# Power mac G5 BI-pro qui démarre...pas trop



## jeremac11 (12 Mars 2010)

Bonjour à tous, 
je commencerais cette requête par dire que ceux qui veulent en rire peuvent le faire, je comprendrais, même si moi ça m'arrange pas...

le problème : 
mon chien a pissé sur la face avant de mon power macG5 bi pro 1,8Ghz (2005), la projection de l'urine est passée au travers des trous et aspergé les composants situés juste derrière, un peu sur la carte mère, et surtout sur les barrettes et slots de ram. (j'en entends déjà qui rigolent). mon ordi était en veille complete à ce moment là. j'ai bien évidemment attendu que tout sèche, appuyé sur le bouton d'alim pour voir si il repartait, et il s'est coupé (jusqu'alors, la lumiere de veille fonctionnait). en essayant de le redémarrer, il part, allume la lumière, commence à lancer les ventilos et se coupe immédiatement, soit environ 3 secondes après l'allumage. j'ai exclu l'alim (je pense qu'il ne se lancerait pas du tout, et elle est situé à l'arrière), et reste en questionnement vis à vis : 
1 : de la ram ou des slots (mais je me dis qu'au moins il biperait pour signaler un problème en ce sens)
2 : de la carte mère ( mais là pour le coup je me dis aussi qu'il ne se lancerait même pas..)

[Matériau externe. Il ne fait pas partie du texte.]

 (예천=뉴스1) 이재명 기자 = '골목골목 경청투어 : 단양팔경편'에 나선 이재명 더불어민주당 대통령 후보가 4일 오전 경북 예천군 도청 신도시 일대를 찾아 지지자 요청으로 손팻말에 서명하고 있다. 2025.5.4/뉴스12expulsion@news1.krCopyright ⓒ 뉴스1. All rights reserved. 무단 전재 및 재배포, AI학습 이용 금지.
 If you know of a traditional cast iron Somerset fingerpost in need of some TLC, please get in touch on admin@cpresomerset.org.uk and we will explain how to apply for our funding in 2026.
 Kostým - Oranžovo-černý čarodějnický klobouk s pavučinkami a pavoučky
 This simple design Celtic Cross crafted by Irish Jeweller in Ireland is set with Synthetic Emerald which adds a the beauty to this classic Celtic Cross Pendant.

j'ai nettoyé le tout, ram, et slots tant que je pouvais avec un chiffon sec, zappé la SMU (technique prise sur le site d'apple)... toujours rien. je me tourne donc vers vous pour savoir si quelqu'un, non pas a déjà rencontré ce problème (ceci dit, j'aurais l'air moins con), mais ce problème d'allumage, et si quelqu'un à une idée de ce que ça peut être. 

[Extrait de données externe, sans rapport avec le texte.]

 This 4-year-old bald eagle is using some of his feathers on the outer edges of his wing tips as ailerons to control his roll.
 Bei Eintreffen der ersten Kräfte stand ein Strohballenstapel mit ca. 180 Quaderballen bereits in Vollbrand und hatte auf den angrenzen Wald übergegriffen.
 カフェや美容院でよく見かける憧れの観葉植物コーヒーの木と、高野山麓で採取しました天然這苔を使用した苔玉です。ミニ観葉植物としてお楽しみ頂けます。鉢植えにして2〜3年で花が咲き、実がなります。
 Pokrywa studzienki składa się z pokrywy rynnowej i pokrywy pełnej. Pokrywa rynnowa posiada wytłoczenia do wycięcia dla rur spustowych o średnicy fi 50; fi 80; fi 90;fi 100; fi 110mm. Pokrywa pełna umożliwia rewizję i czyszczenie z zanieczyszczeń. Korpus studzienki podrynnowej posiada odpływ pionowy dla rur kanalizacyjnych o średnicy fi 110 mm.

d'avance merci pour vos réponses, 
jeremac

ps : avis aux modos, ceci est véridique, je m'amuserais pas à poster des conneries pareilles, et je suis vraiment, vraiment dans la m.....


----------



## iMacounet (12 Mars 2010)

mon powermac G5 avec carte mere hs s'allumait parfaitement bien.

Rècupère ton hdd et branche le en externe sur un autre mac si tu as !

j'ai pas rigolé à la lecture du sujet.


----------